Segment Start: RECORDED INFORMATION
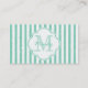 Fügen Sie Mode und Flair zu Ihrem bevorzugten Beruf mit diesen niedlichen Minz grün und weiß gestressten bemalten Streifen Visitenkarten. Dieses niedliche und stilvolle pastellgrüne Design mit dem Namen und der Monogramm-Initiale der modischen jungen Geschäftsfrau.
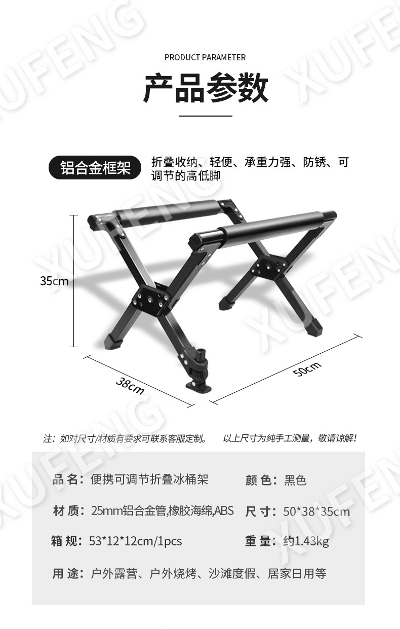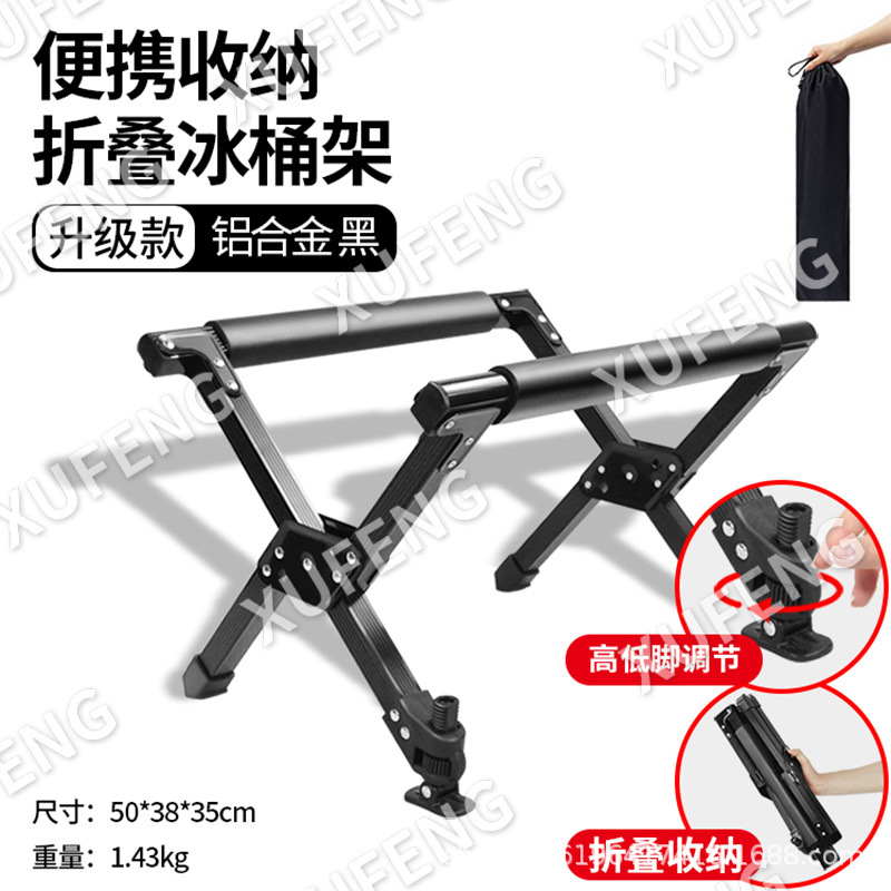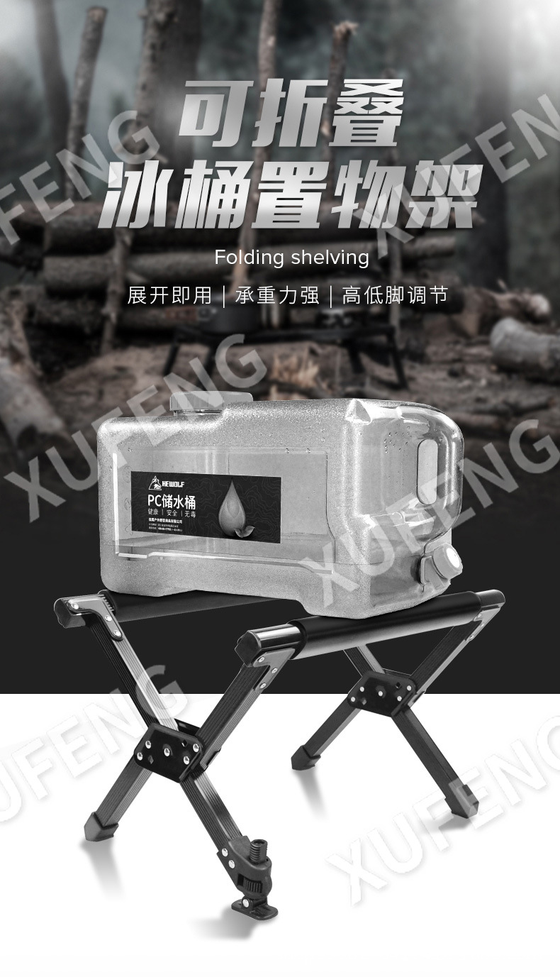 야외 캠핑 보관을위한 야외 다기능 알루미늄 합금 접이식 보관 브래킷 조정 가능한 얼음 양동이 랙
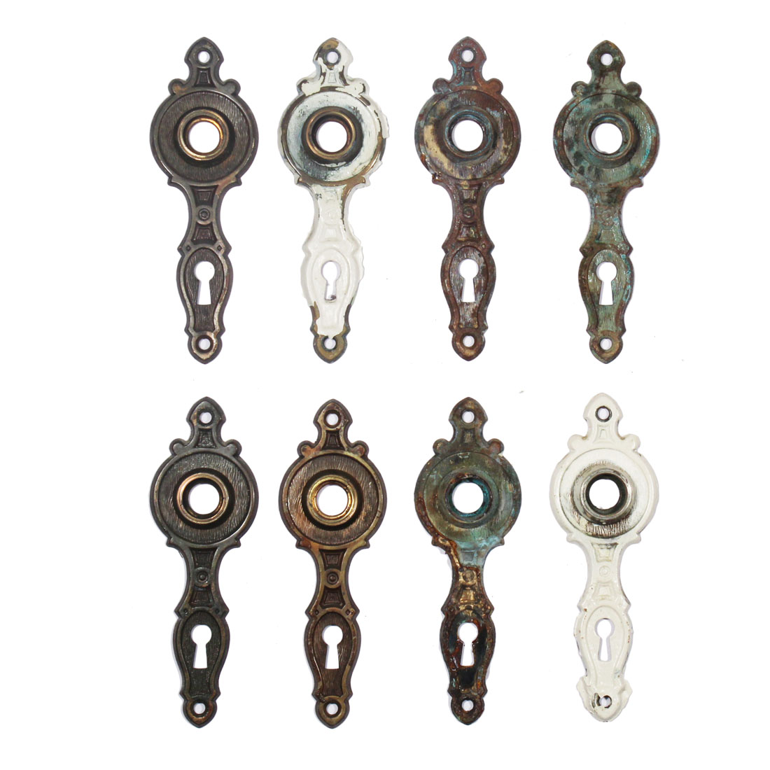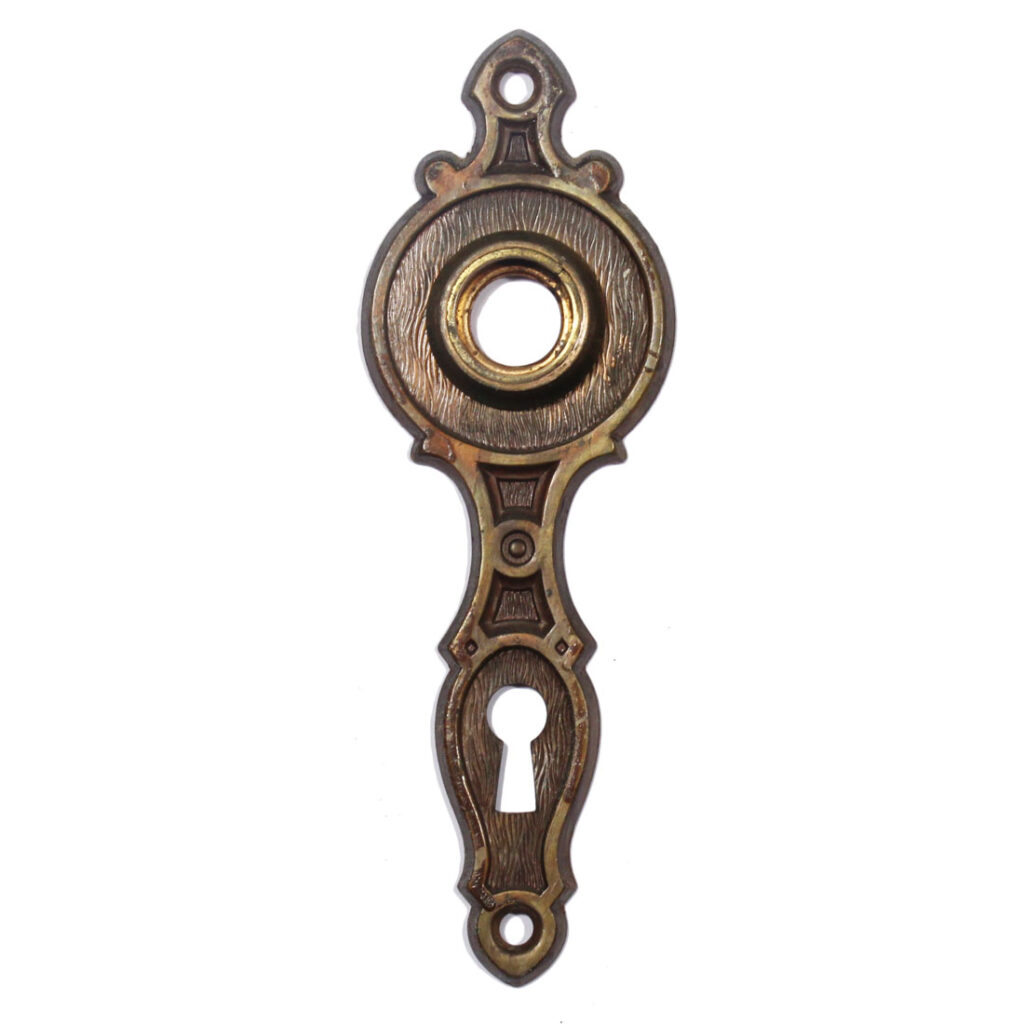 Fabulous antique doorplates in Yale & Towne’s “Derbian” pattern, dating c. 1929. The condition of the finish on each door plate may vary, as shown. Each escutcheon measures 1-7/8″ wide and 5-1/2″ tall. If you are ordering multiple items, please contact us for an accurate shipping quote. THE PRICE LISTED IS FOR EACH DOOR PLATE.
Segment End: RECORDED INFORMATION
__WORK TASK__.
Reproduce the lines of the data that run from the one containing "야외 캠핑 보관을위한" to the final line, both included, exactly as they appear and without the pictures.

__WRITTEN ANSWER__.
 야외 캠핑 보관을위한 야외 다기능 알루미늄 합금 접이식 보관 브래킷 조정 가능한 얼음 양동이 랙
 Fabulous antique doorplates in Yale & Towne’s “Derbian” pattern, dating c. 1929. The condition of the finish on each door plate may vary, as shown. Each escutcheon measures 1-7/8″ wide and 5-1/2″ tall. If you are ordering multiple items, please contact us for an accurate shipping quote. THE PRICE LISTED IS FOR EACH DOOR PLATE.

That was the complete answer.